Work to be completed
Below, locate the line that contains "The Highlands has". Repeat exactly from that line to the line that contains "Kúrenie: ústredné –", inclusive, leaving out the pictures.

##### Supplied data #####

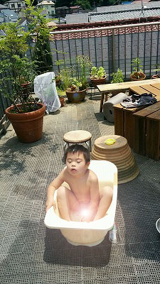 まだ水、禁止。 エア行水。 |
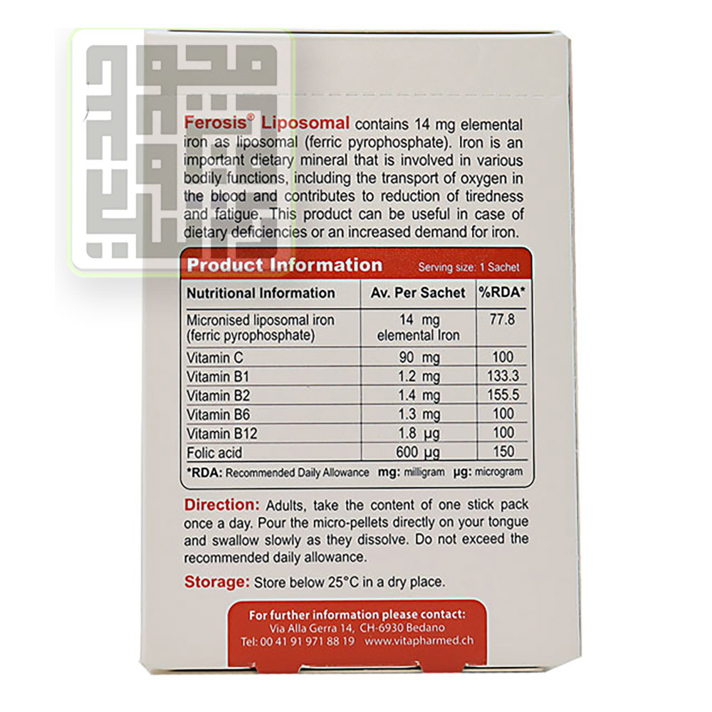 ویتامین C باعث افزایش بیشتر جذب آهن شده و ساشه لیپوزومال فروسیس ویواتیون را به ویژه در درمان کم خونی و کاهش علائمی مانند خستگی و ضعف موثر میکند. مشخصات مواد مغذی جامع مکمل آ]ن لیپوزومال فروسیس ویواتیون نه تنها از تولید هموگلوبین و گلبولهای قرمز خون پشتیبانی میکند، بلکه به کاهش خستگی و خستگی، تنظیم خلق و خو و بهزیستی کلی کمک میکند.
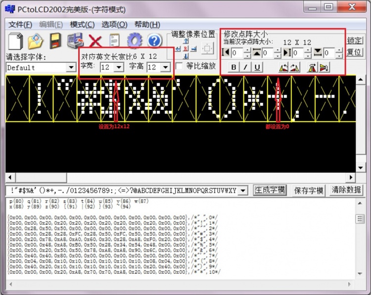 - 6x12英文ASCII取模数据
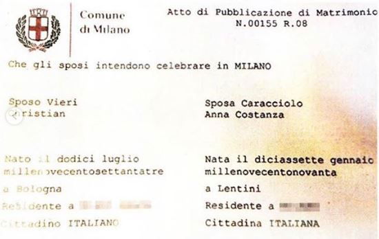 Bobo Vieri e Costanza Caracciolo presto sposi: le pubblicazioni delle nozze
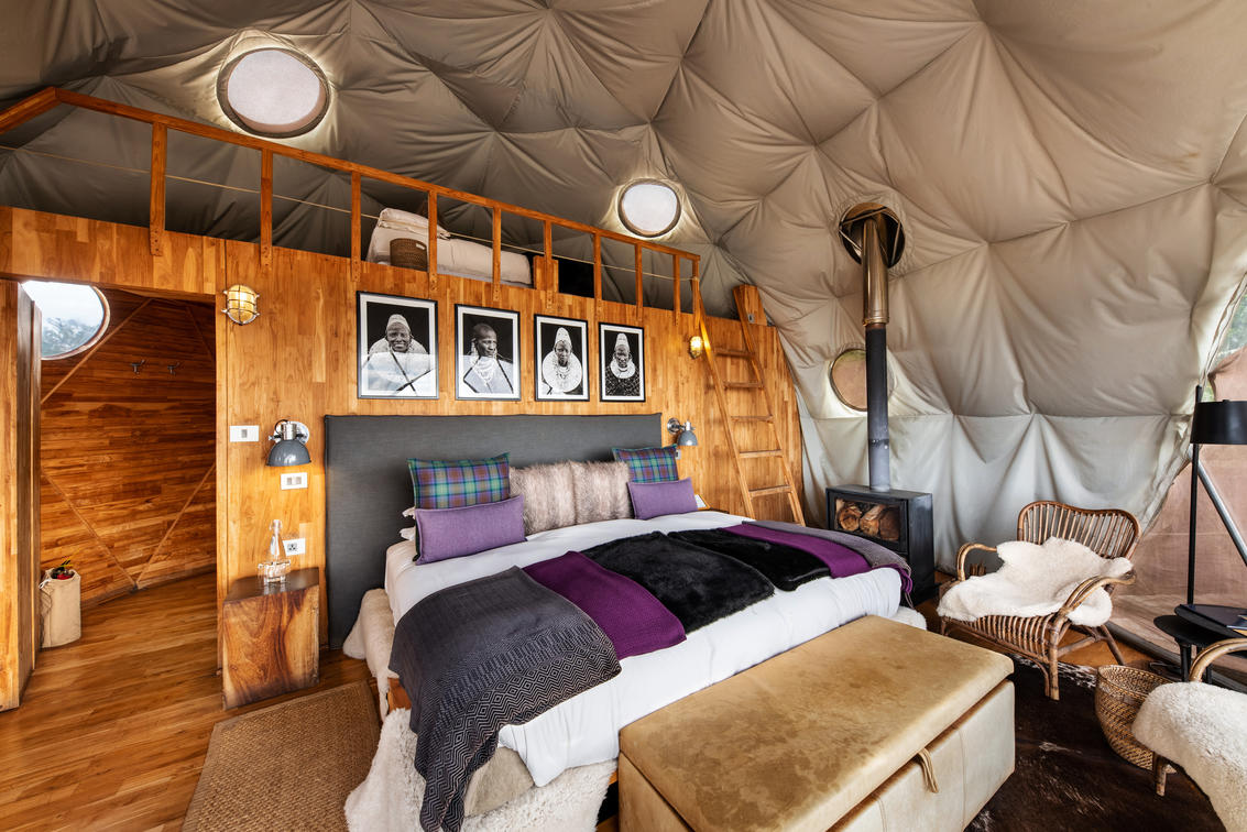 The Highlands has six large, luxury guest tents with fantastic views stretching to the Gola Mountains. The domes have the option of being twins or doubles with several having a mezzanine available for a third bed. The tents all feature king-sized beds, en-suite bathrooms with separate flush toilet and double-headed plumbed shower. Each tent also has a wood burning fireplace and plenty of cosy blankets and rugs for warmth in the colder months.
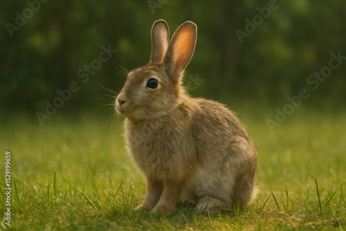 © Eing, Fototapeta premium Serene rabbit sits gracefully in sunlit meadow, surrounded by lush green grass. Its soft fur glistens in warm light, creating peaceful and charming scene
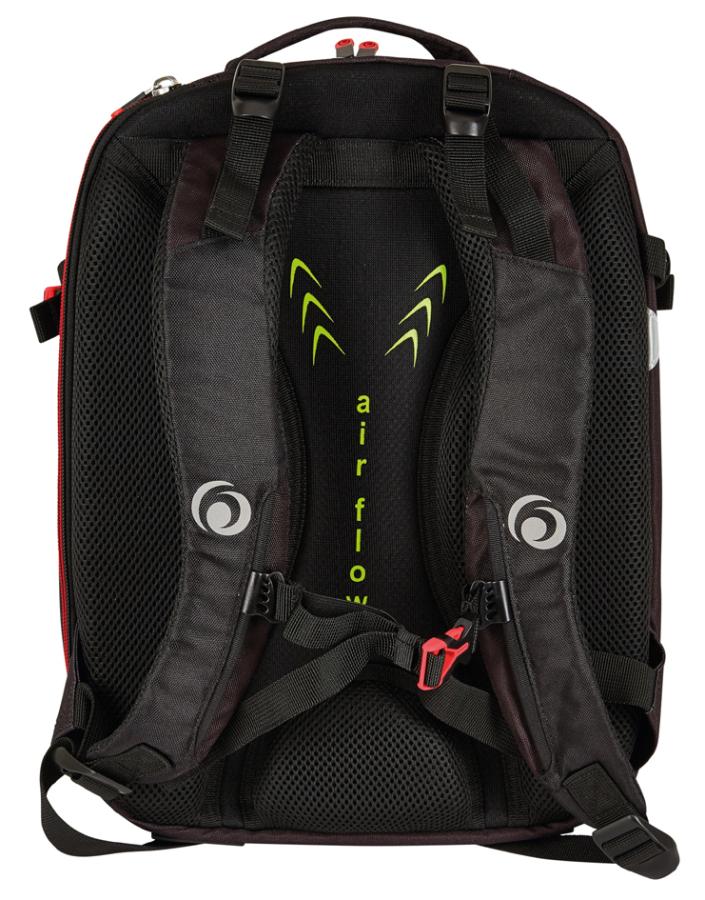 • atmungsaktives, ergonomisch geformtes Rückenpolster
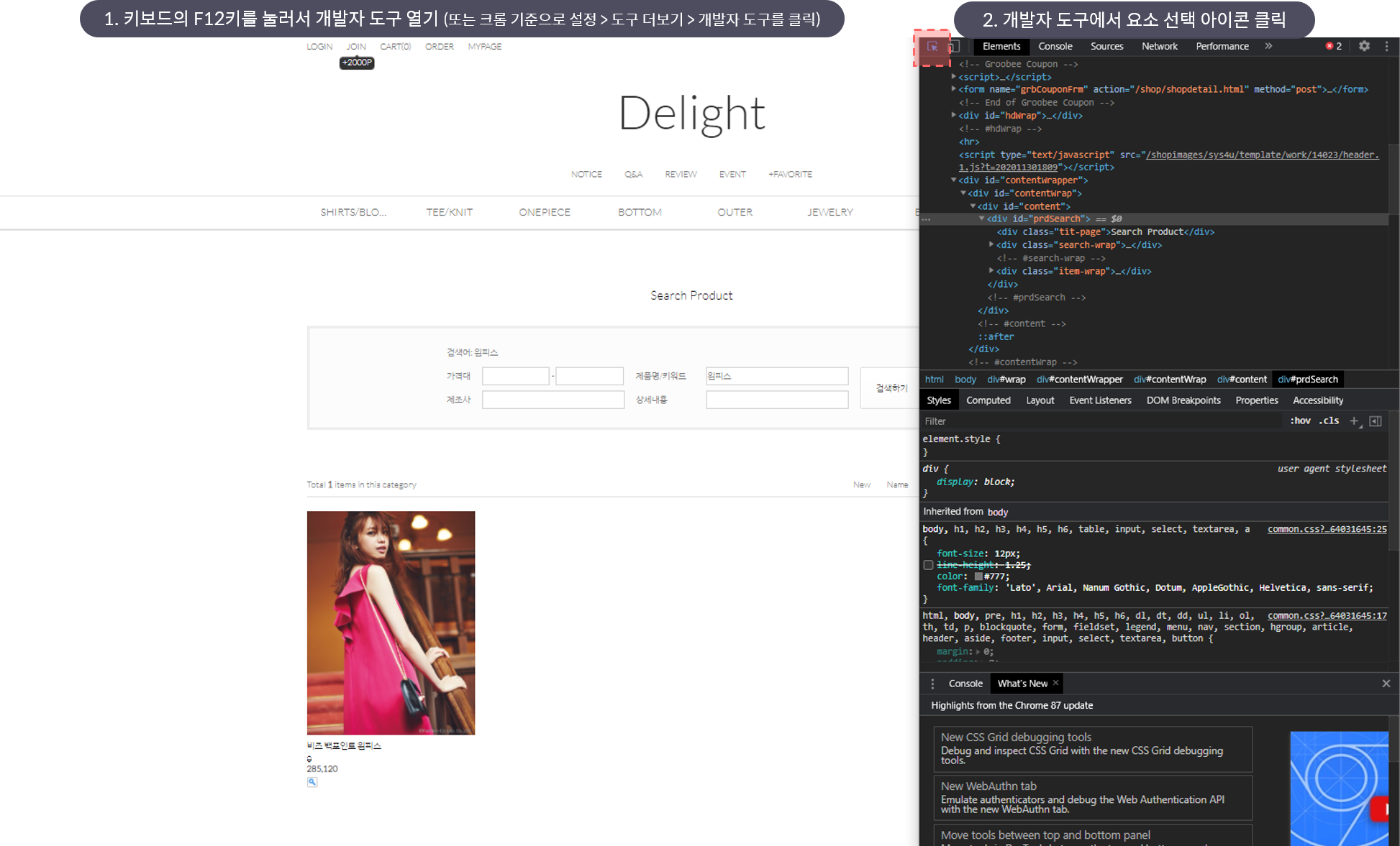 쇼핑몰 상품 검색 화면에서 키보드의 F12키를 눌러서 개발자 도구를 엽니다. (설정에 따라 창이 흰색으로 표시될 수 있습니다.) *또는 크롬 기준으로 설정 > 도구 더보기 > 개발자 도구를 클릭합니다.
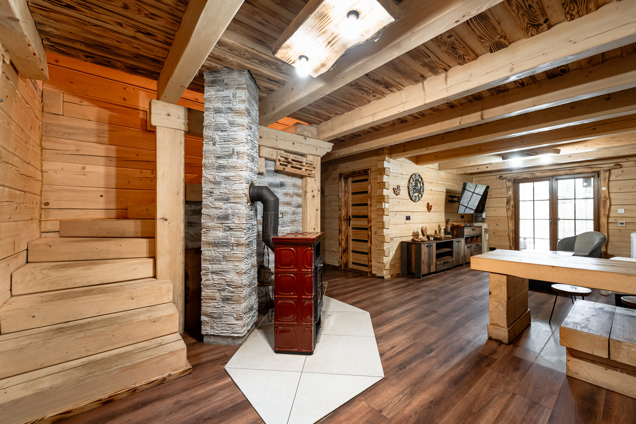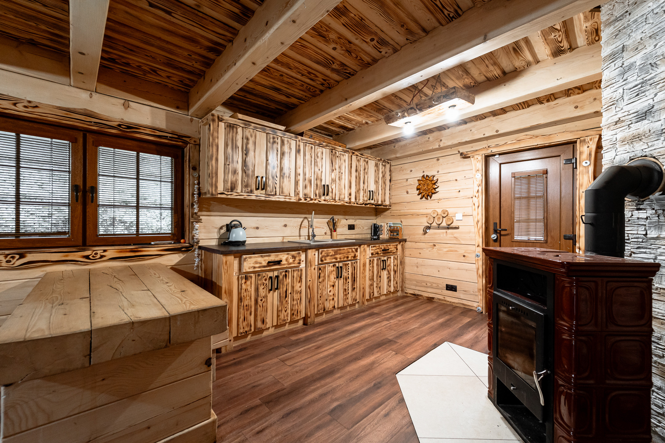 Kúrenie: ústredné – inteligentné elektrické podlahové kúrenie na prízemí + kachľovec na drevo (na poschodí je predpríprava na infrapanely)
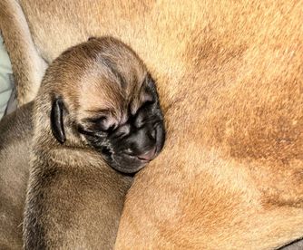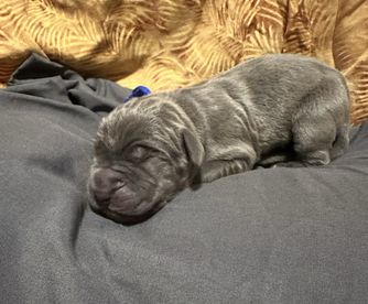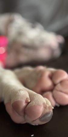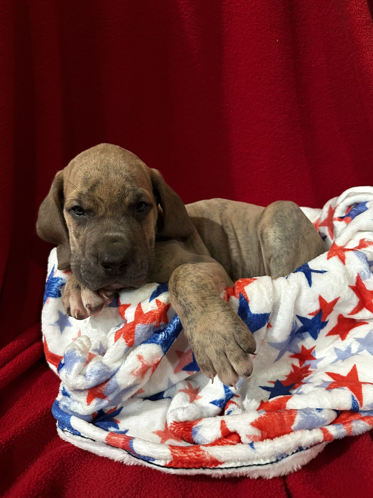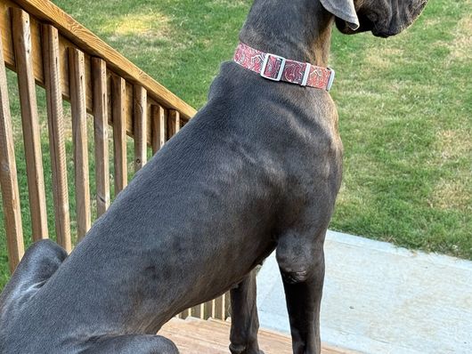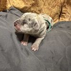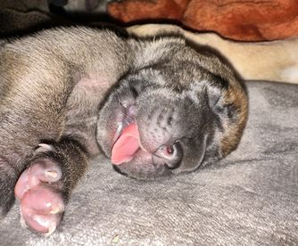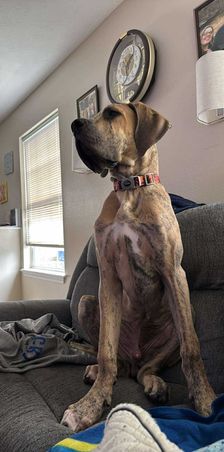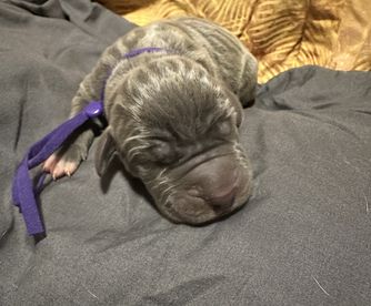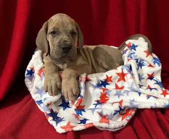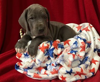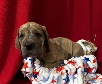 Kaiser was born 6/28/2021 from our princess Delilah and handsome Beau. He is a stock, full of love boy. He is a gentle giant who sometimes does not know his size. He LOVES his blankets over toys. He enjoys hanging out with his family getting belly rubs or leaning on us while we are cooking. He would prefer to sit or lay on you than next to you. He thinks he is a lap dog. He is AKC registered and DNA and genetic tested.
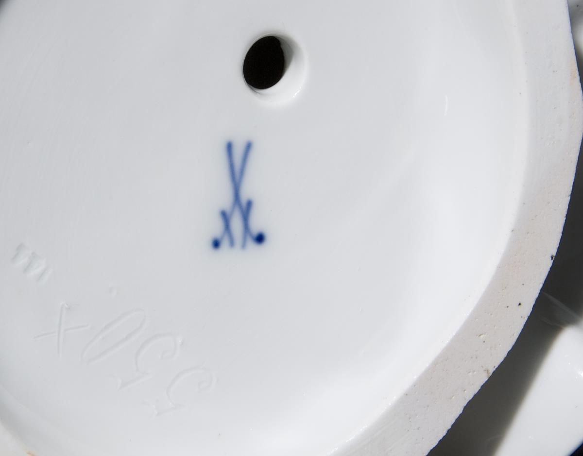 Modell von Johann Joachim Kaendler 1744. Farbig bemallt, gold stafiert. Ritzmarke, Pressmarke, Malermarke, Schwertermarke 1. Wahl. Rückseitig Rocksaum an einer Ecke unten, eine Hand restauriert.
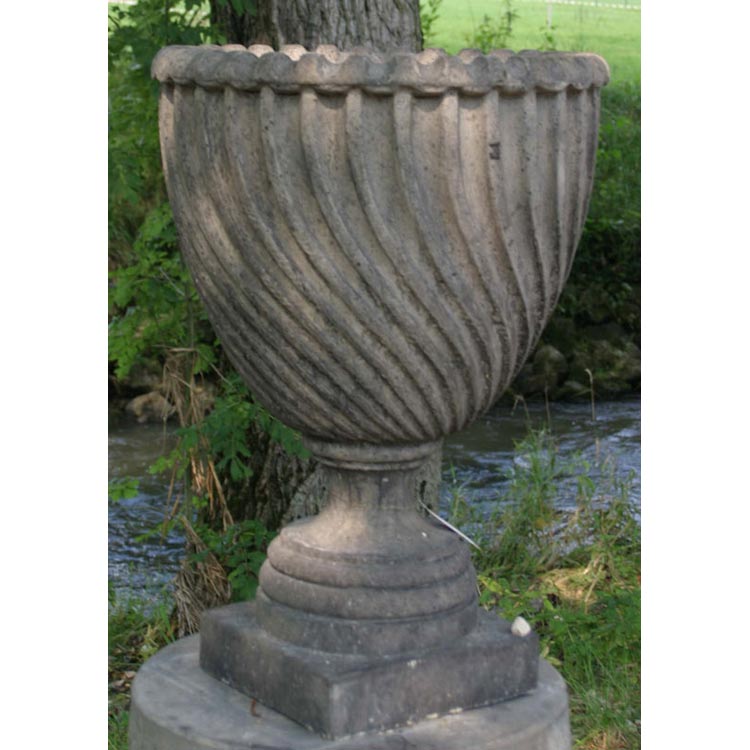 Diese elegante Gartenvase zeichnet sich durch ein gedrehtes, geriffeltes Design und eine anmutig geschwungene Form aus. Der abgerundete Sockel sorgt für Stabilität und macht sie zu einem dekorativen Highlight in jeder Gartenlandschaft.

#####

Answer space
 The Highlands has six large, luxury guest tents with fantastic views stretching to the Gola Mountains. The domes have the option of being twins or doubles with several having a mezzanine available for a third bed. The tents all feature king-sized beds, en-suite bathrooms with separate flush toilet and double-headed plumbed shower. Each tent also has a wood burning fireplace and plenty of cosy blankets and rugs for warmth in the colder months.
 © Eing, Fototapeta premium Serene rabbit sits gracefully in sunlit meadow, surrounded by lush green grass. Its soft fur glistens in warm light, creating peaceful and charming scene
 • atmungsaktives, ergonomisch geformtes Rückenpolster
 쇼핑몰 상품 검색 화면에서 키보드의 F12키를 눌러서 개발자 도구를 엽니다. (설정에 따라 창이 흰색으로 표시될 수 있습니다.) *또는 크롬 기준으로 설정 > 도구 더보기 > 개발자 도구를 클릭합니다.
 Kúrenie: ústredné – inteligentné elektrické podlahové kúrenie na prízemí + kachľovec na drevo (na poschodí je predpríprava na infrapanely)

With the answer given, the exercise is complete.